**Description of the task**
Your answer should be the exact lines of the data below from the one containing "The American Automobile" through the one containing "Mathieu took us"; please include nothing else.

**Data supplied**
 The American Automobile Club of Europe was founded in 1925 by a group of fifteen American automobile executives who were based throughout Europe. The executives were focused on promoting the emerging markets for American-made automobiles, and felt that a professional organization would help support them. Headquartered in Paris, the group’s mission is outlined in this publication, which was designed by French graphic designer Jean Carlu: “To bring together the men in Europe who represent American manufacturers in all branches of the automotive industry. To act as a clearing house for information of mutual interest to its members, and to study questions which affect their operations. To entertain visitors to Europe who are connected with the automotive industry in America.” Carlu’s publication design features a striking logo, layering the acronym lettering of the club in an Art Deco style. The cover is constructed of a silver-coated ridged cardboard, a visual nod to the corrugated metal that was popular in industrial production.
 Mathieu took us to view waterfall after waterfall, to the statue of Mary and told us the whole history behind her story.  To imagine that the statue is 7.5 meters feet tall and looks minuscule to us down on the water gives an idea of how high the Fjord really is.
==
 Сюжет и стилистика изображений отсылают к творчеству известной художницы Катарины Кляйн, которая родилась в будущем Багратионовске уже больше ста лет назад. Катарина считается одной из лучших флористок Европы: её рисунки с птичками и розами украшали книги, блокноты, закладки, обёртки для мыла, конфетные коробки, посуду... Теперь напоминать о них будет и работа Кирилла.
...
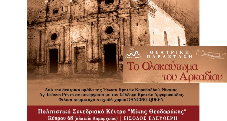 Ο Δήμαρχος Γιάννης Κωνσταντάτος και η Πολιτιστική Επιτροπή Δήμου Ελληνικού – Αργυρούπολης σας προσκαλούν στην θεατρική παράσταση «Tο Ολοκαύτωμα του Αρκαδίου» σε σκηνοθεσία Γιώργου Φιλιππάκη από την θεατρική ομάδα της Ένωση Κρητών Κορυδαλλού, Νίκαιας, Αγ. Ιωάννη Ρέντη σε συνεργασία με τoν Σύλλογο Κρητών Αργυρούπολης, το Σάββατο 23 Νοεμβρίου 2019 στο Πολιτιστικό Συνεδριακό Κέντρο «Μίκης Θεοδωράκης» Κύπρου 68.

**Exercise response**
 The American Automobile Club of Europe was founded in 1925 by a group of fifteen American automobile executives who were based throughout Europe. The executives were focused on promoting the emerging markets for American-made automobiles, and felt that a professional organization would help support them. Headquartered in Paris, the group’s mission is outlined in this publication, which was designed by French graphic designer Jean Carlu: “To bring together the men in Europe who represent American manufacturers in all branches of the automotive industry. To act as a clearing house for information of mutual interest to its members, and to study questions which affect their operations. To entertain visitors to Europe who are connected with the automotive industry in America.” Carlu’s publication design features a striking logo, layering the acronym lettering of the club in an Art Deco style. The cover is constructed of a silver-coated ridged cardboard, a visual nod to the corrugated metal that was popular in industrial production.
 Mathieu took us to view waterfall after waterfall, to the statue of Mary and told us the whole history behind her story.  To imagine that the statue is 7.5 meters feet tall and looks minuscule to us down on the water gives an idea of how high the Fjord really is.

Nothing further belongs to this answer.